I’m interested in utilizing pop culture in the classroom.
I’m interested in people’s stories and what they teach us.
I want to be a part of the solution rather than sit back and whine about the problem.

That’s why I want to do this.

07 June 2009

Defining song of the moment

My house, my role
My friends, my man
My devotion to god
All the more feels indefinite

Nothing's been clear
Nothing's been in
Nothing's felt true
And I've never had both feet in
Nothing's belonged
Nothing's been yes
Nowhere's been home
And I'm ready to be limbo no more

My taste, my peers
My identity, my affiliation
All the more feels indefinite

Nothing's been clear
Nothing's been in
Nothing's felt true
And I've never had both feet in
Nothing's belonged
Nothing's been yes
Nowhere's been home
And I'm ready to be limbo no more

I sit with filled frames
And my books and my dogs at my feet
My friends by my side
My past in a heap
Thrown out most of my things
Only kept what I need to carve
Something consistent and notably me

Tattoo on my skin
My teacher's in heart
My house is a home
Something at last I can feel a part of
Sense of myself
My purpose is clear
My roots in the ground
Something at last I can feel a part of
Something aligned
To finally commit
Somewhere I belong
Cuz I'm ready to be limbo no more
My wisdom applied
A firm foundation
A vow to myself
'Cuz I'm ready to be limbo no more

~ Alanis Morissette

02 June 2009

On the hamster wheel?

A friend of mine recommended "A New Earth" a little over a year ago.  

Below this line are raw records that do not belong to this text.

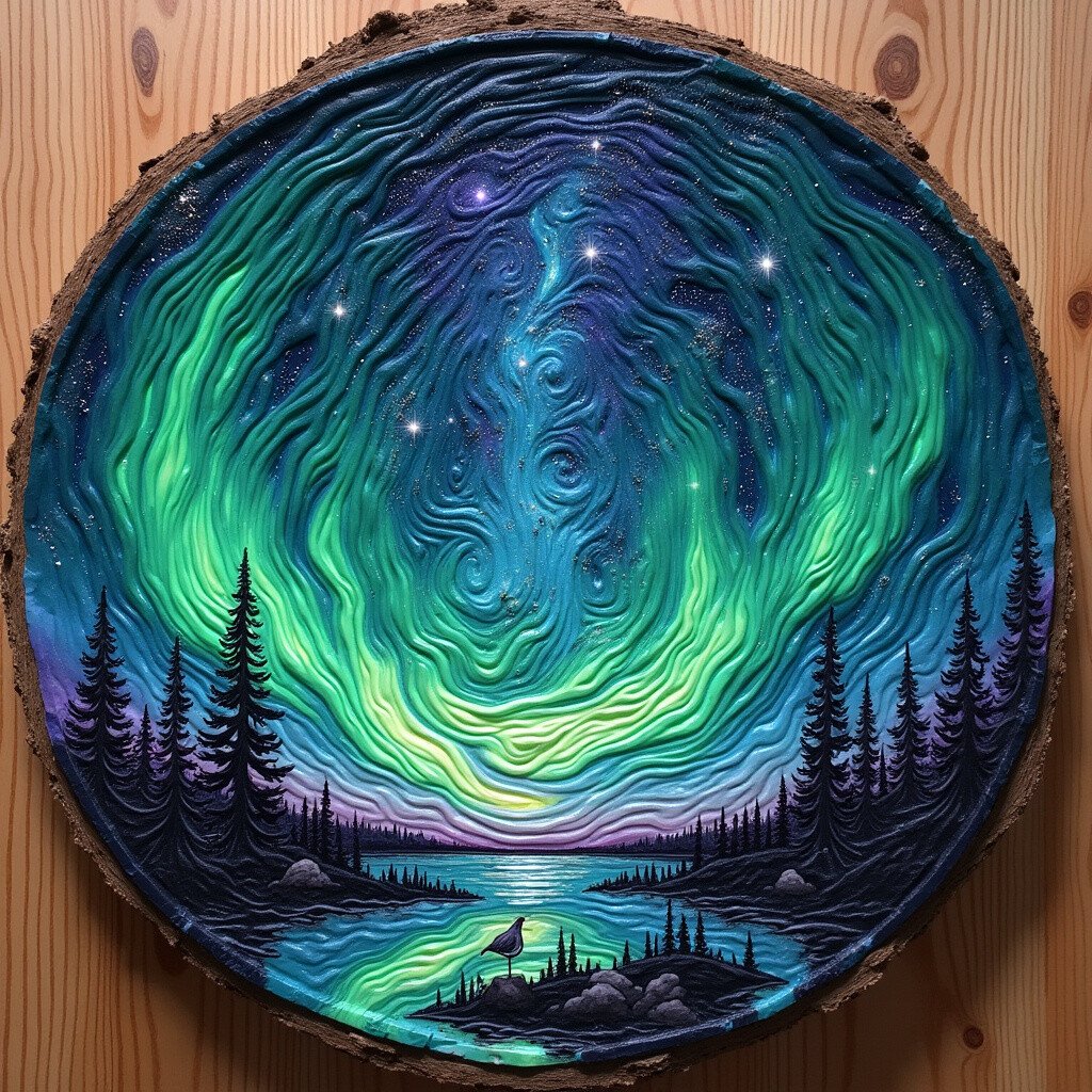 The swirling coils of green, purple, and blue mimic the dancing lights, offering a touch of wonder to any room.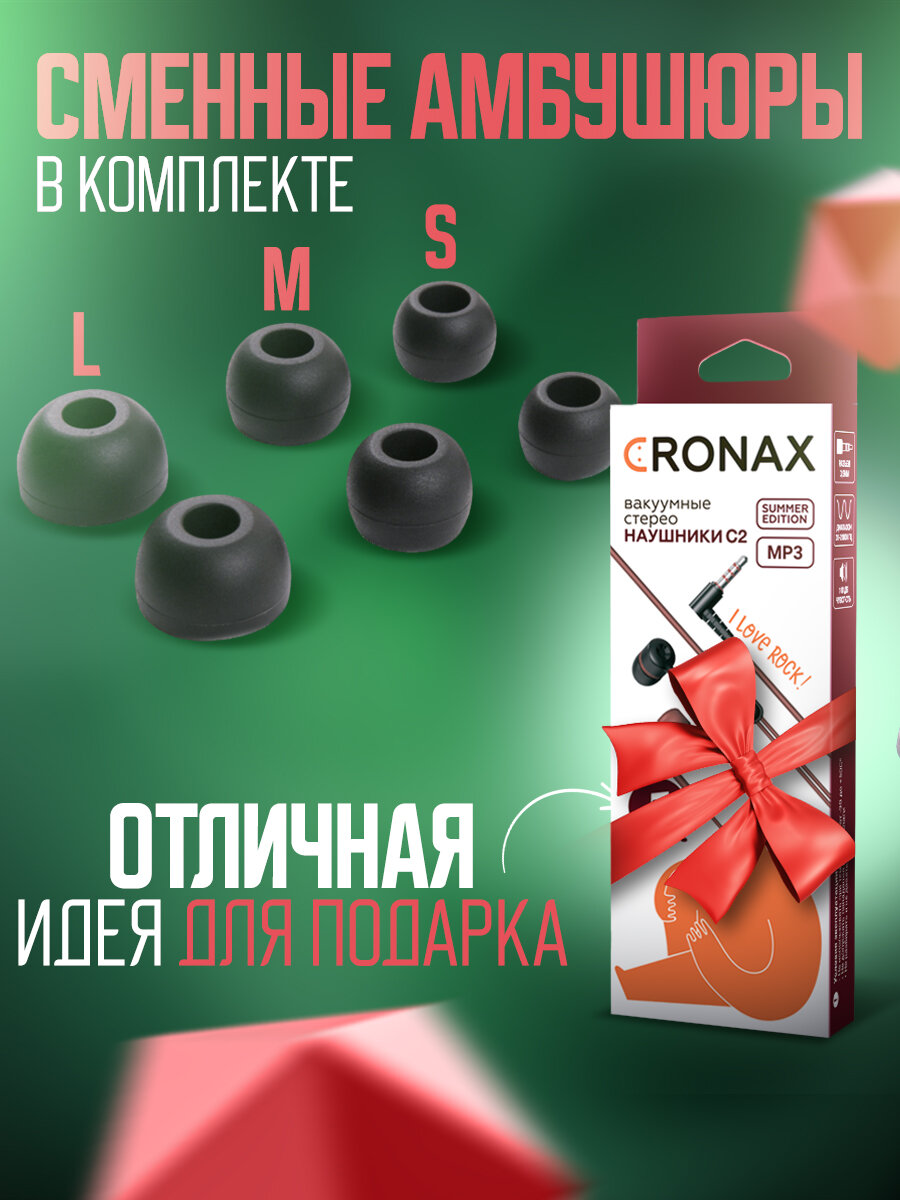 Наушники с микрофоном вакуумные CRONAX Premium B2, пластик, черный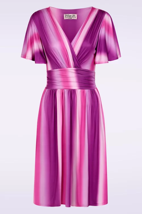 Vintage Chic for Topvintage - Topvintage exclusive ~ Sadie Faded Stripes swing jurk in paars 2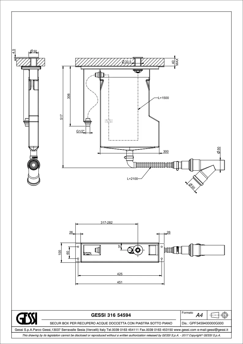 Система сбора воды для ручного душа Gessi 54594.707 Black Metal Brushed PVD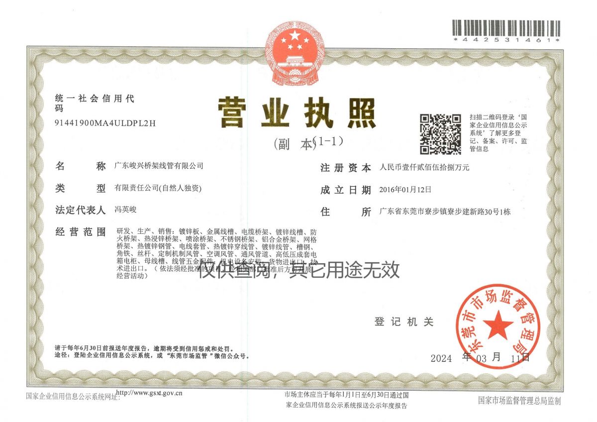 公司名稱:廣東峻興橋架線管有限公司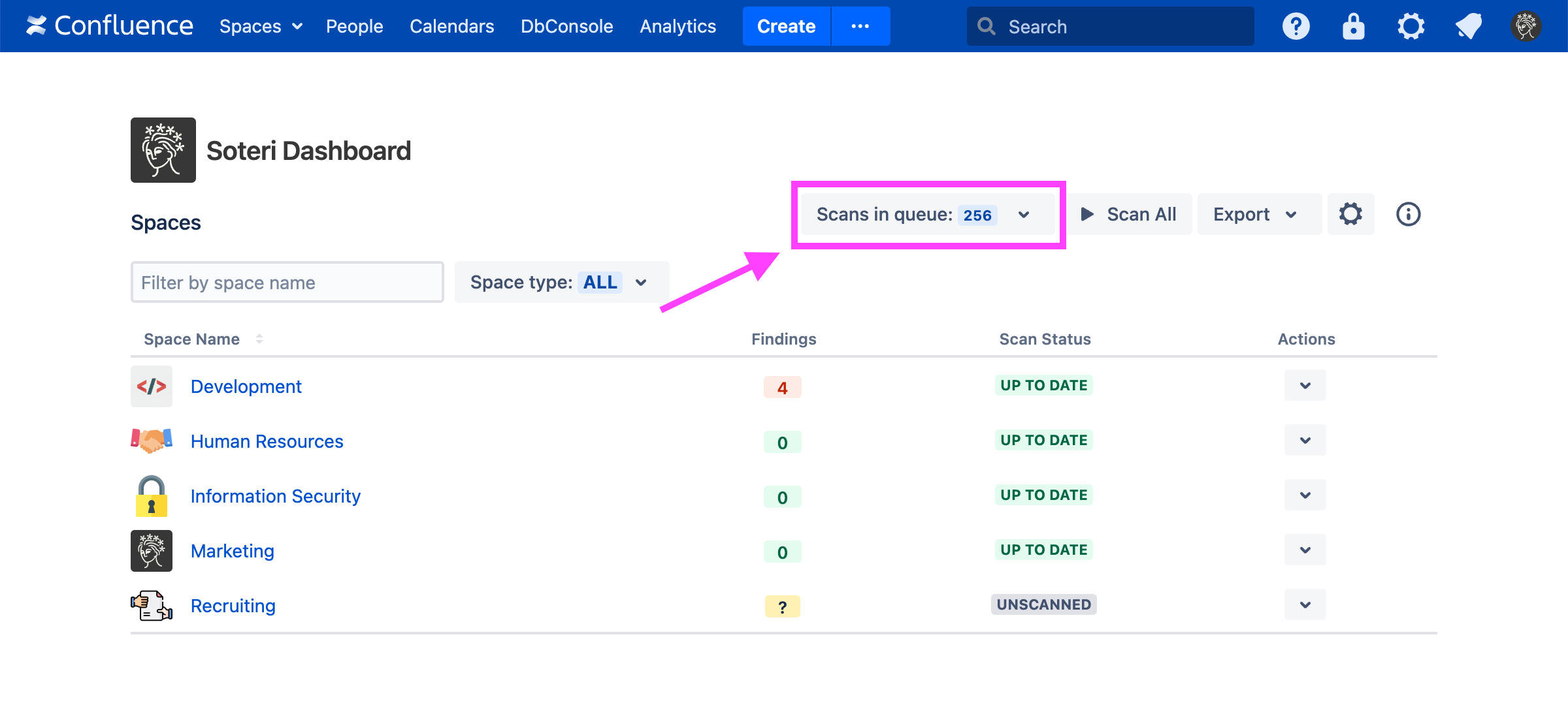 Choosing “Scan” will trigger a scan for new and modified pages in that space. Choosing “Export” will download a list of all findings for that space in CSV format. Read more about exports here.

I started reading it last night. I think it may provide some insight into how to be a better human being. I don't think that's what I am right now. Trust me.  

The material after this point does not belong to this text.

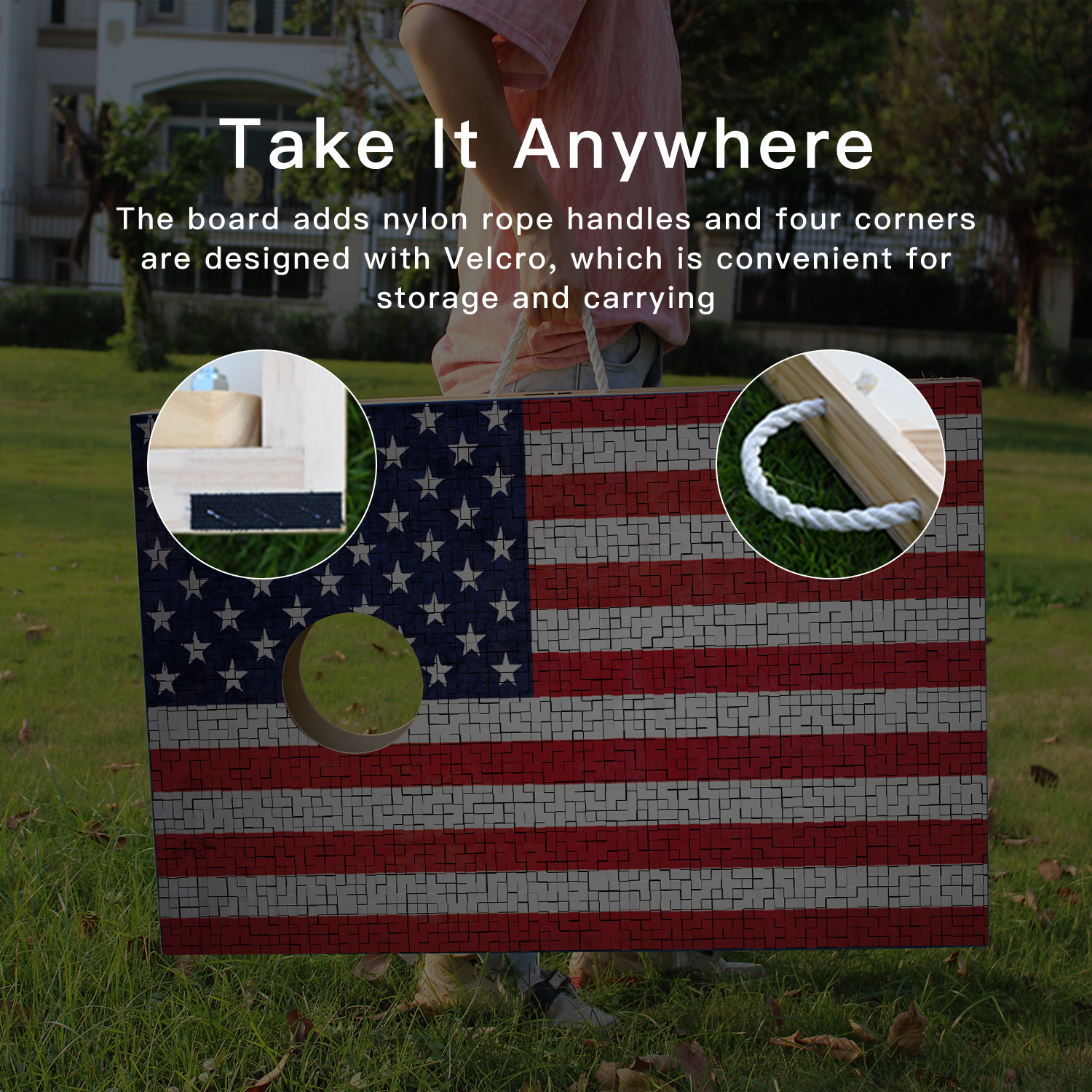 EASY AND CONVEINVENT TO MOVE: foldable legs, velcro on each corner and hemp rope handle, make it easy and quick to put two piece boards together for convenient storage and transportation.

I have these moments when I think that I'm sooo tortured and owed something. And these thoughts manifest themselves into very ugly ways. 

I can be a real bitch sometimes, really snarky and cruel. Not often, which is why it must sting when it happens.  

Growing up, I had a "smart mouth."  

Now, I realize there's a huge difference between being witty and clever and just... well, being an asshole.  

I don't know why I'm so fucking bitter all the time, but I don't like it. It's depressing, and drives people away. I'm the kind of person who likes her solitude, but I'm prone to loneliness if it goes on too long.  

I need to break this, before I end up completely isolated and stuck.